Mumias secures Sh1.6b for ethanol plant

September 27, 2010

, NAIROBI, Kenya, Sep 27 – Mumias Sugar Company will in the next one and a half years start producing 22 million litres of ethanol annually, which could meet nearly 50 percent of the country\’s total demand.

This follows the signing of a financing deal between the sugar company and a consortium of banks including Ecobank Kenya and the Commercial Bank of Africa that will see them contribute Sh1.6 billion towards the construction of a new ethanol plant.

"The total cost of the project is $45 million (Sh3.64 billion).  We will fund $25 million (Sh2.01 billion) from our own internal sources and we are borrowing $20 million from the consortium," Mumias Sugar Chief Executive Officer Evans Kidero explained.

The commissioning of the project is in compliance with a government policy that requires petrol sold in Kenya to be blended with 10 percent ethanol.

The country is currently producing an average of 15 million litres per year against a total demand of between 40 and 50 million litres, a situation that presents a huge potential for Mumias.
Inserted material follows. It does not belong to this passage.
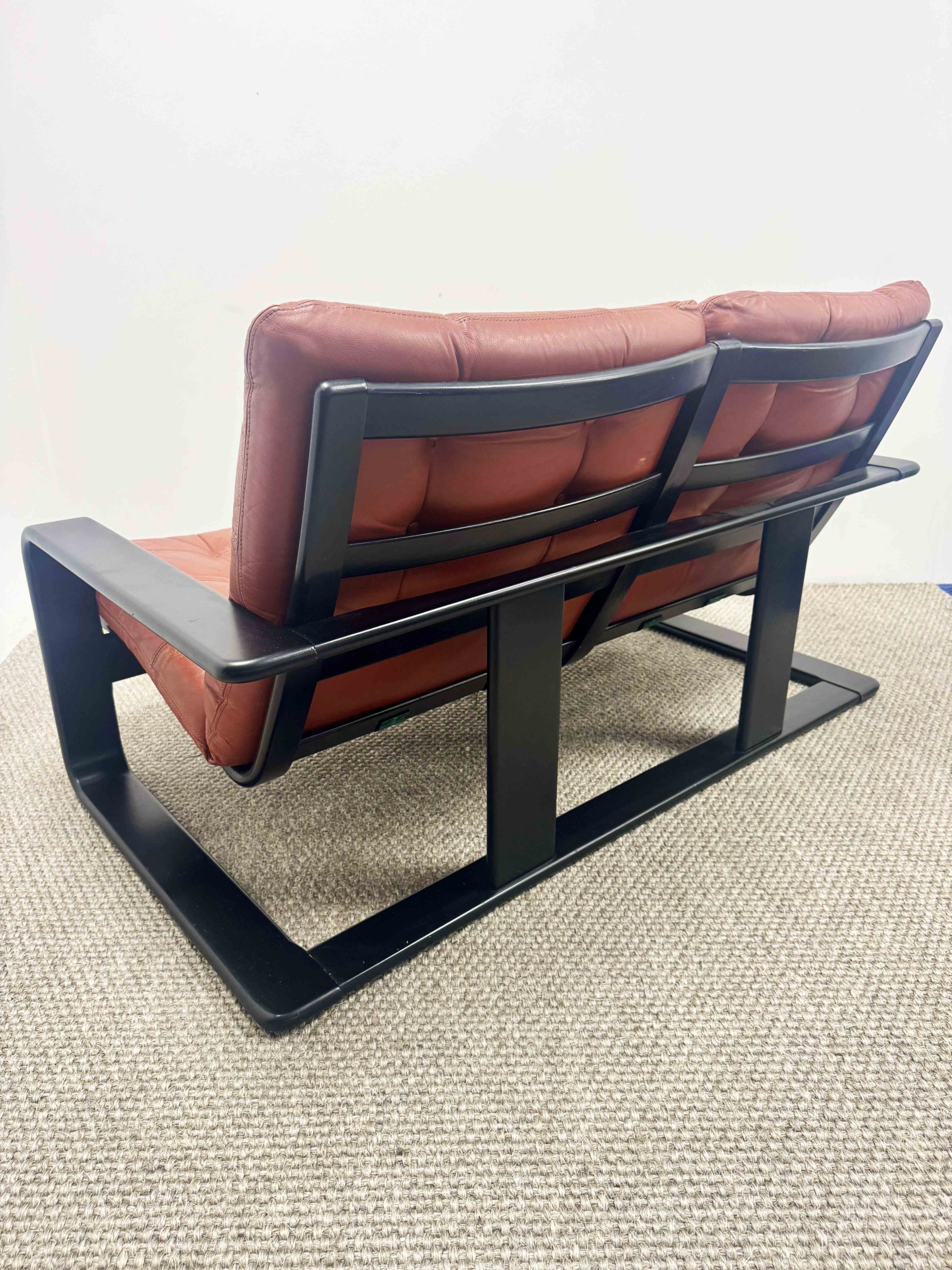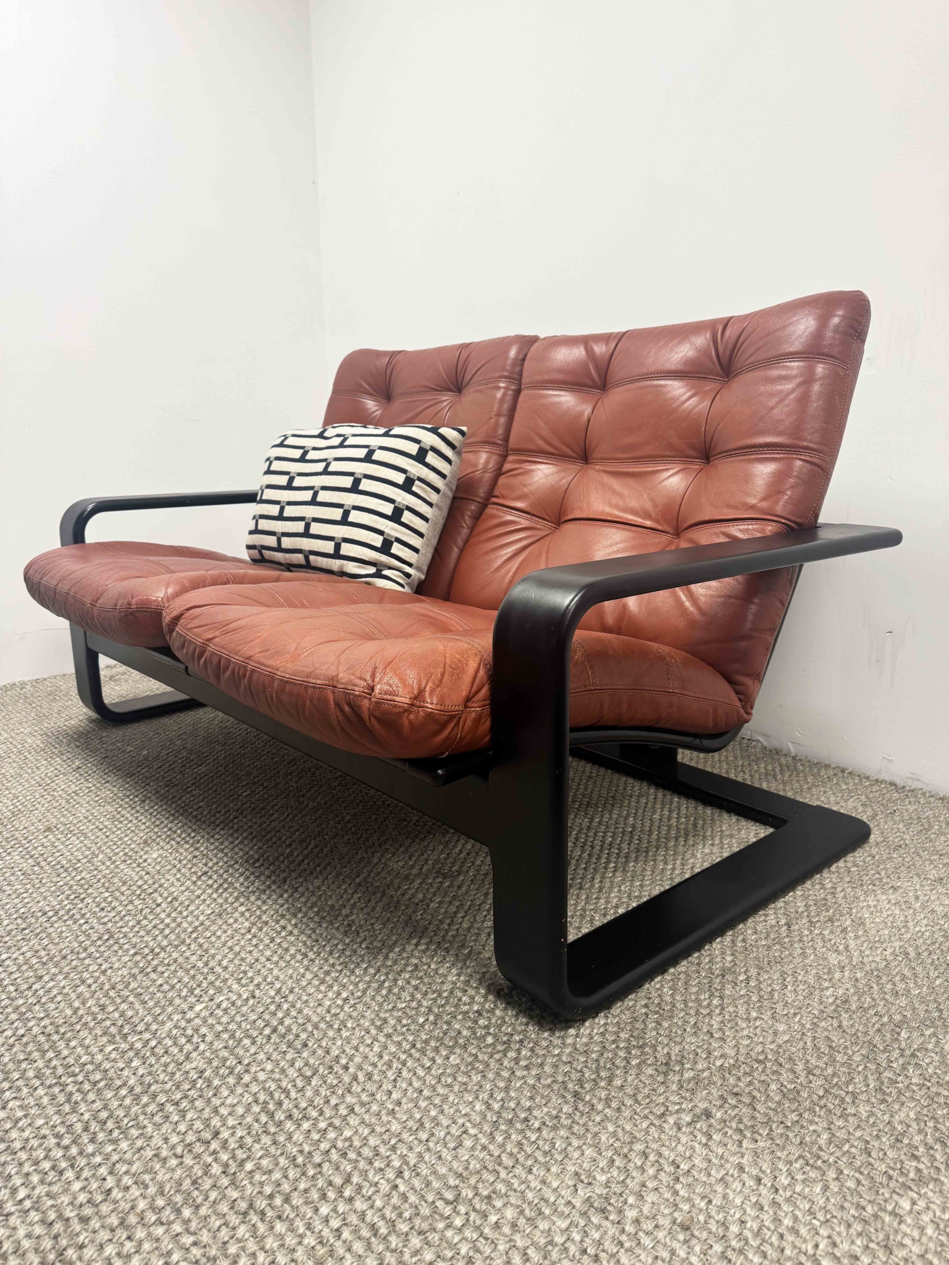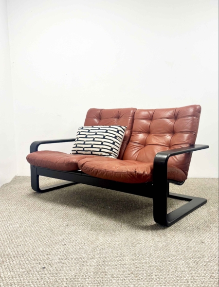 Romi is a 70s two seater with a fabulous ebonised frame designed by Lystolet for Swedish furniture maker Coda.

The 100,000 tonnes of molasses generated from the factories will be used in the project where other types of alcohol such as rectified spirit will be generated and sold to industries, a move that will in turn contribute immensely to the firm\’s bottom line.

Although Mr Kidero declined to reveal the finer details of the agreement, he said the terms were competitive.

"It\’s a six-year-term loan with a two-year moratorium on the principal (amount) but due to competitive reasons, I might not tell you the interest rate at this time," he said.

Mr Kidero also underscored the importance of the plant as enabling Mumias to position itself competitively against cheap imports that are expected to flood the market from the region upon the expiry of the COMESA safeguard measures in February 2012.

While downplaying the threat of the lifting of the protective measures, the CEO said his company has a strategy to make its sugar operations more competitive.

"This thing with COMESA is overplayed. All the COMESA member states consume 5.9 million tonnes of sugar and produce 4.7 million tonnes. So 1.2 million has to be imported from outside the bloc, but that doesn\’t mean that as a country we should not work to be competitive," he said.

He highlighted the privatisation of six sugar factories by the government and Mumias generation of 26 Megawatts of electricity as some of the diversification measures that were being undertaken to improve the sub sector\’s competitiveness and efficiency.

As part of its expansion, the company is also looking at acquisitions both in Kenya and in the region although finer details of the exercise are still sketchy.